Now the main issue why the redundant loads are not hoisted is that all
data pointers are ref-all:

  chunk_typeD.13721 * {ref-all} D.15255;

thus you tell the compiler that the store

  *D.15255_20 = D.15247_29;

might possibly clobber all loads in that loop.  Of course chunk_type is
just __m128i and I always complained that this is ref-all which makes
optimization of pointers to __m128i practically useless.

This is really a target header problem.

Comment 6 Richard Biener 2010-01-17 21:08:48 UTC

If you fix that issue (simply remove all __may_alias__ attributes from
preprocessed source) you get

.L62:
        addl    $1, %edx
        movdqa  (%ebx,%eax), %xmm0
        pand    (%esi,%eax), %xmm0
        movdqa  %xmm0, (%edi,%eax)
        addl    $16, %eax
        cmpl    %edx, %ecx
        jne     .L62

for the innermost loop.  Maybe not 100% perfect but reasonable (that's -O2).

Comment 7 Richard Biener 2010-01-17 21:19:04 UTC

Btw, if you know more about data types than nothing then do not use the
__m128* types for data but build your vector types yourself with an
appropriate base type like

typedef T m128T __attribute__((__vector_size__(16)));

It seems that the Intel intrinsics API at no point follows type-based
aliasing rules (they even have vectors of characters, so restricting
types based on possible data types is not going to work out).

Comment 8 Piotr Wyderski 2010-01-17 21:29:07 UTC

It would be great to use my own vector data
types, as in simple cases it allows GCC to
automaticly vectorize them in a portable way,
but in more complex cases it would mean a lot
of explicit type casts => even more unreadable
code, which even now is hard to follow.

Comment 9 rguenther@suse.de 2010-01-17 21:35:02 UTC

Subject: Re:  [C++0x] Variadic templates + lambdas =
 extremely poor code quality, __m128i and aliasing sucks

On Sun, 17 Jan 2010, piotr dot wyderski at gmail dot com wrote:

> ------- Comment #8 from piotr dot wyderski at gmail dot com  2010-01-17 21:29 -------
> It would be great to use my own vector data
> types, as in simple cases it allows GCC to
> automaticly vectorize them in a portable way,
> but in more complex cases it would mean a lot
> of explicit type casts => even more unreadable
> code, which even now is hard to follow.

I don't think you have a choice.

Comment 10 H.J. Lu 2010-01-17 22:11:33 UTC

(In reply to comment #7)
> Btw, if you know more about data types than nothing then do not use the
> __m128* types for data but build your vector types yourself with an
> appropriate base type like
> 
> typedef T m128T __attribute__((__vector_size__(16)));

It isn't a bad idea.

> It seems that the Intel intrinsics API at no point follows type-based
> aliasing rules (they even have vectors of characters, so restricting
> types based on possible data types is not going to work out).
> 

That is true.

Comment 11 Paolo Carlini 2010-01-18 10:46:31 UTC

If I understand correctly (thanks Richard for the quick and detailed analysis) there is nothing C++0x specific in this target/optimization issue.

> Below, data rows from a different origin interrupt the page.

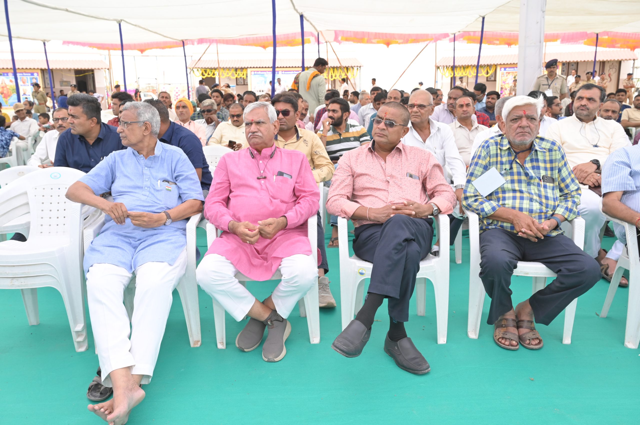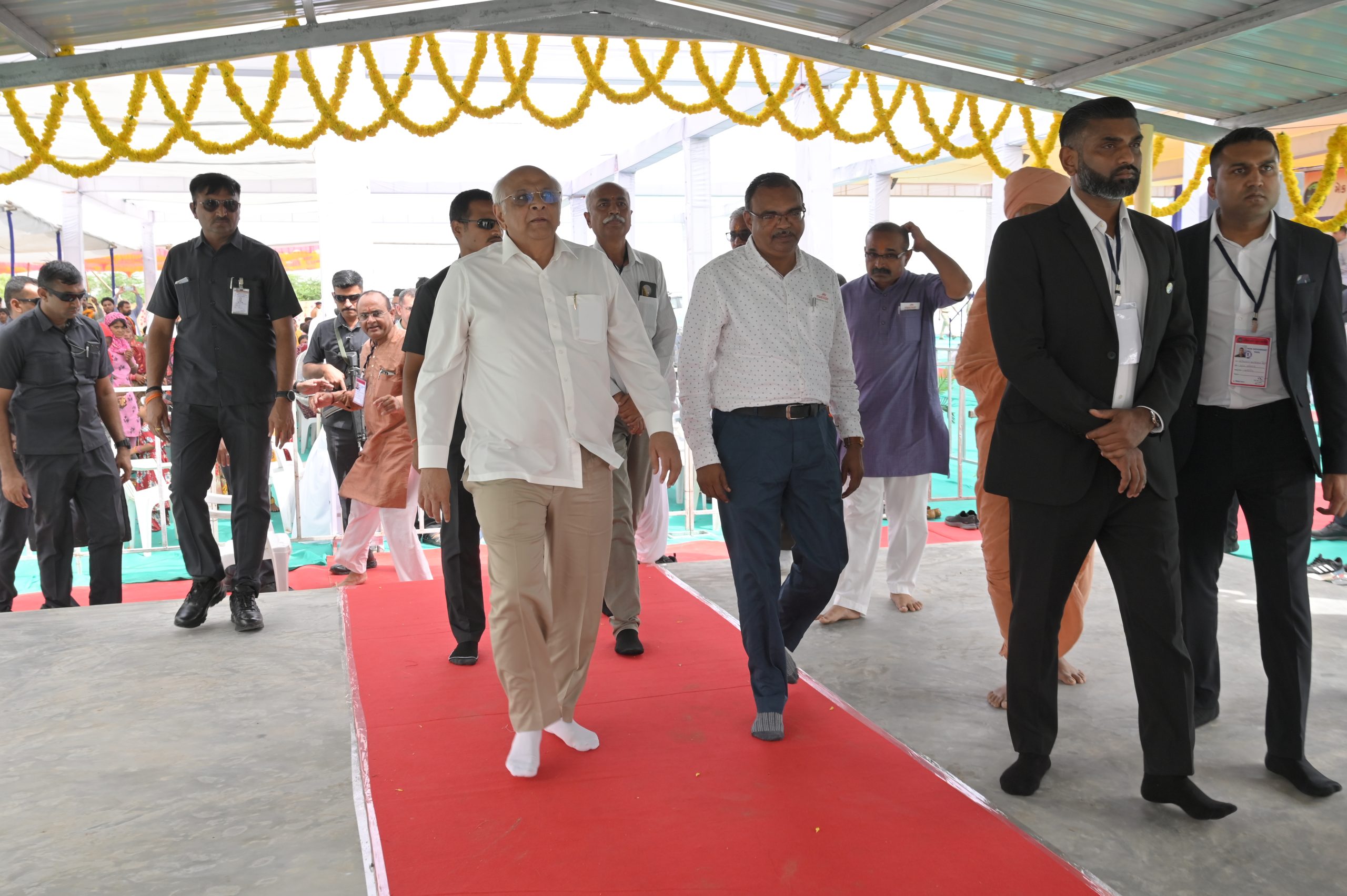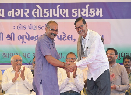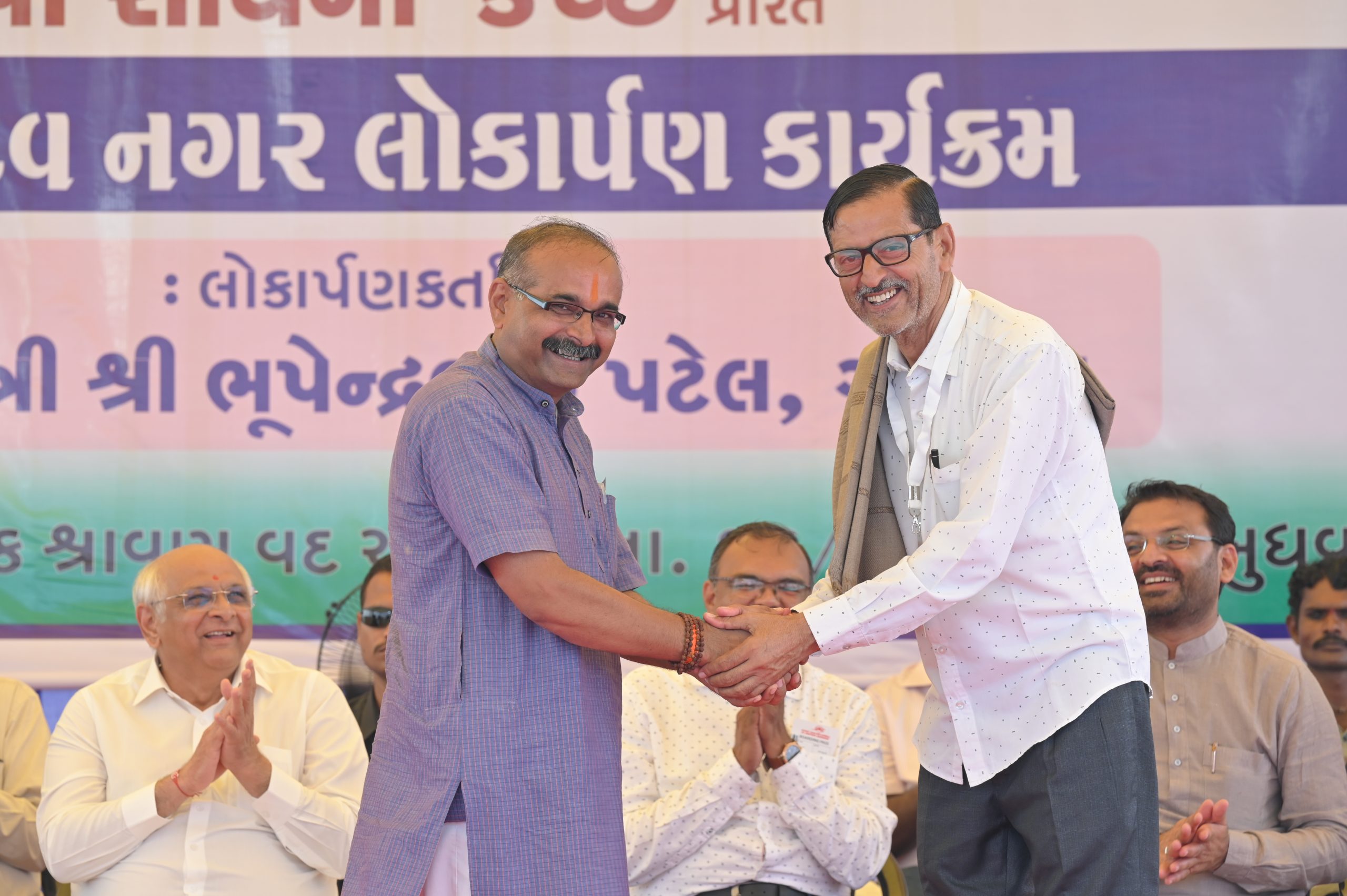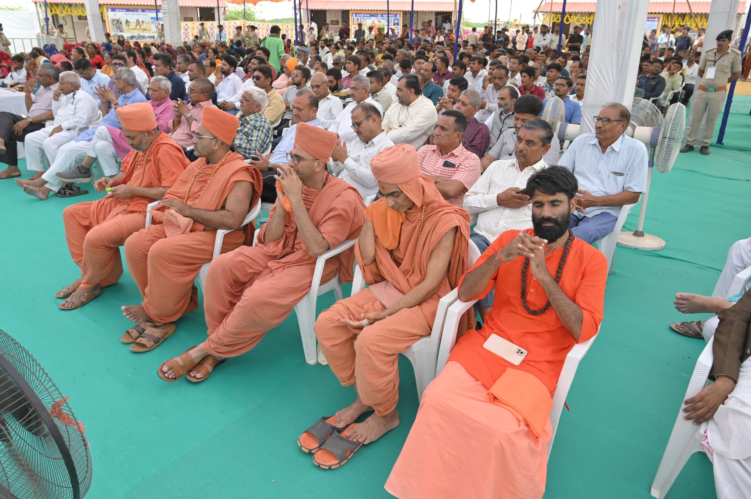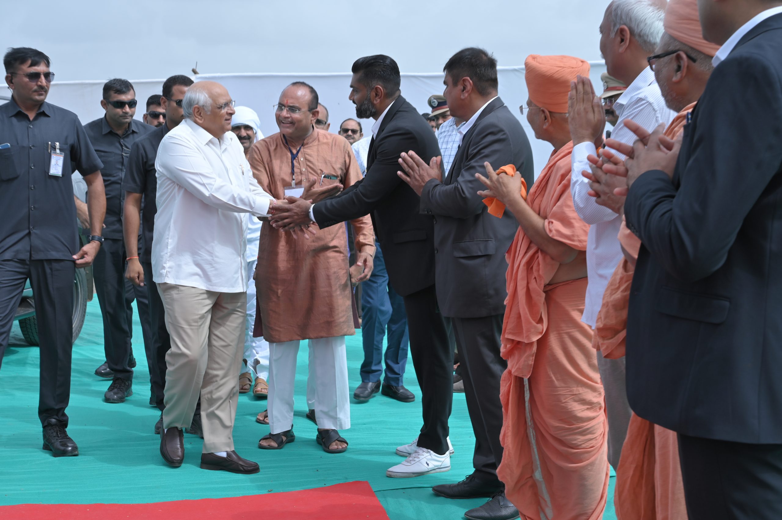 The Chief Minister, alongside the other distinguished guests, including Pujya Sant Shri Balkrishna Dasji and revered saints from Bhuj Mandir, Mrs. Parulben Kara, representing as the Panchayat of Kutch, MLA Shri Keshubhai Patel of the Bhuj Constituency, and Manjulaben Bhanderi, representing the Panchayat of the Taluka district, all added a sense of solemnity and significance to the event.
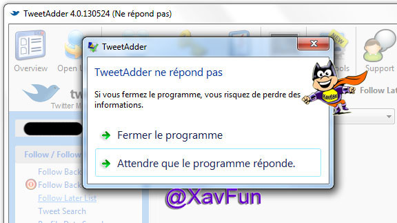 Depuis que TweetAdder 4 est sortie, de nombreuses personnes semblent avoir des problèmes avec des plantages du logiciel, soit lors de l’utilisation de la fonction « Follow Later List » ou de recherche de followers ou même pour certains sans rien faire !
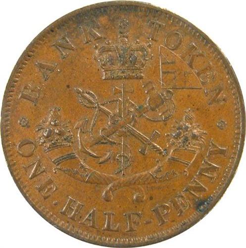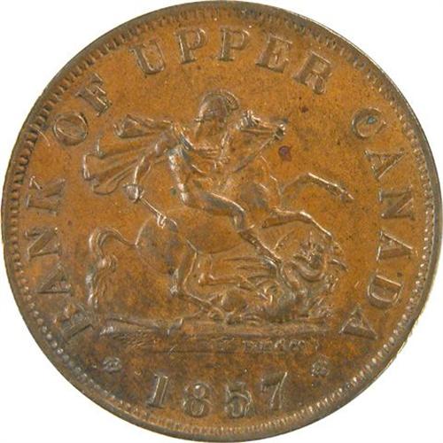 Canada Pre-Confederation Token. Breton 720, 1857 Bank of Upper Canada Half Penny, CH PC-5D, Cornwell Unc
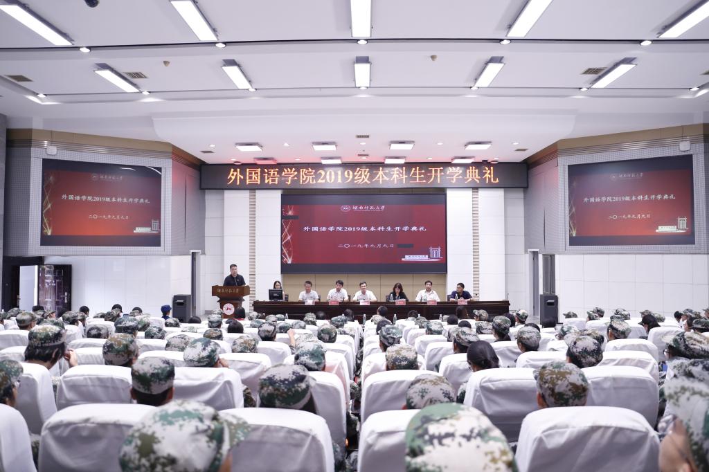 9月9日下午,澳门pg官网在至善讲堂隆重举行2019级本科新生开学典礼。学院院长曾艳钰教授,党委书记唐建文,常务副院长谭福民教授,副院长、俄语系系主任高荣国教授,英语系系主任陈敏哲教授,翻译系余承法教授,日语系系主任向卿博士,朝鲜语系系代主任闫超博士,教师代表、全国优秀硕士指导老师曾永红教授出席典礼。典礼由学院党委副书记贺慧星主持。
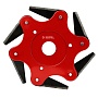 Позволяет эффективно срезать жесткостеблистые растения (лопух, борщевик, сорняки, мелкий кустарник и т.д.). Подходит для использования строго на редукторных электрических и бензиновых триммерах (с объемом двигателя более 35 см³), которые предполагают работу с режущим диском с посадочным диаметром 25,4 мм (модели с прямым валом/штангой). Диск целиком выполнен из металла и устойчив к повреждениям от ударов о землю и камни. Это позволяет использовать его на участках «загрязненных» камнями и прочим мусором.
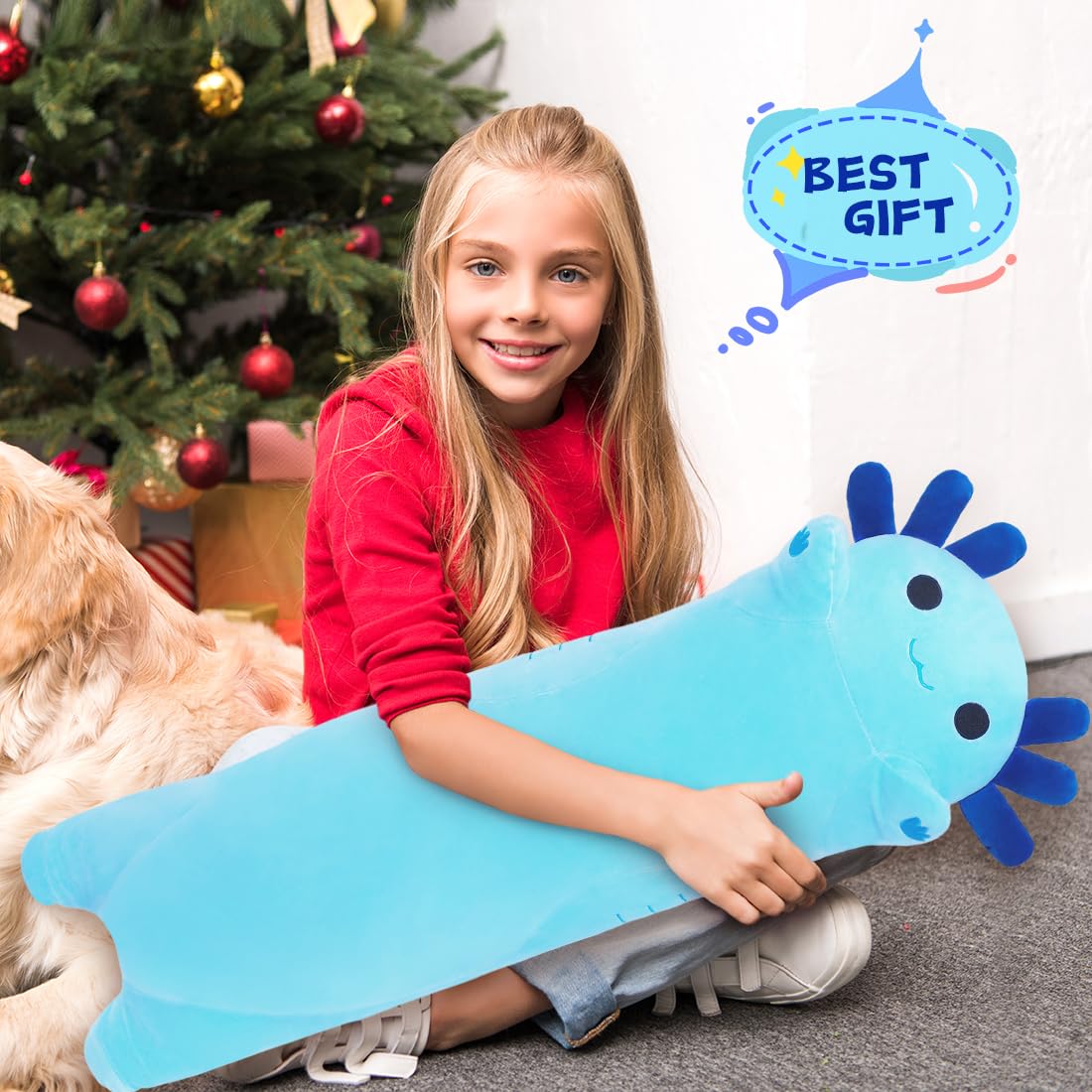 Miaohaha Plush Axolotl Toy 43.3In Stuffed Animal Axolotl Toy Pillow Body Pillow Gift For Kids And Girls(Blue,110Cm/43.3In)
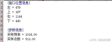 配置文件“config.ini”中的内容包含两个字段“窗口位置信息”和“参数信息”,前者包含了左、上、右、下4个键值对,后者包含了采样频率和采样点数2个键值对,如下图所示:
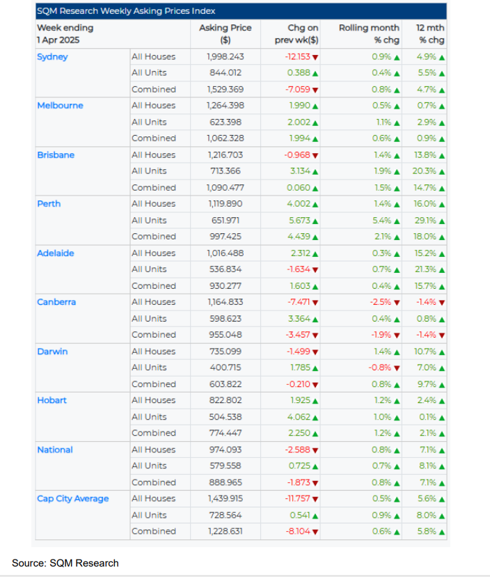 SQM’s figures show that asking prices rose nationally by 0.8% for houses and 0.7% for units. Vendors still believe they hold power—especially in cities like Perth and Brisbane, which posted strong gains.
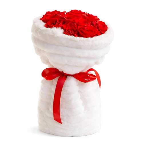 Generic - باقة ورود صناعية قطيفة مع حامل فرو ناعم، زاهية مصممة للمناسبات الرومانسية مع صندوق هدايا أنيق، أحمر
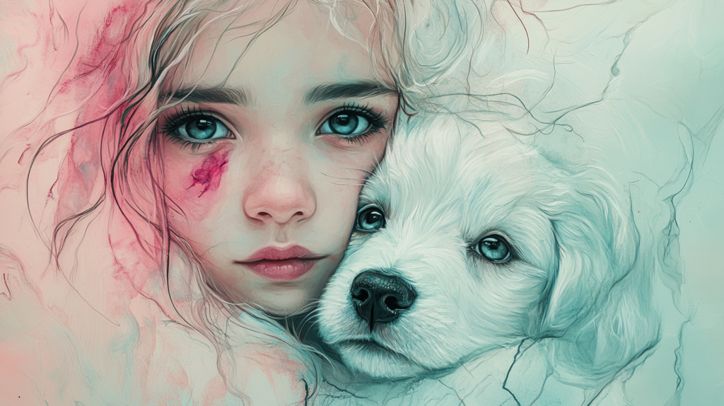 이 작품은 현대 AI 일러스트레이션이 표현한 몽환적 순간으로, 민트빛 머리카락을 가진 소녀와 반려견의 포근한 교감을 수채화 느낌으로 담아냈습니다. Midjourney의 기술적 특성과 감성적 수채화 표현이 조화롭게 어우러져, 꿈같은 분위기를 자아냅니다.

Thus, I'm removing the marker from the Summary and cleaning it. If I'm wrong please tweak it back, adjust it, thanks.

Comment 12 Andrew Pinski 2010-03-13 03:19:56 UTC

I think it is by design that __m128i is marked as may_alias.    In fact it is, see PR 31245.  There is no other way to get around this really.

Comment 13 Andrew Pinski 2010-03-13 03:21:56 UTC

Invalid as mentioned as __m128i has to alias int, short, and char as shown by PR 31245.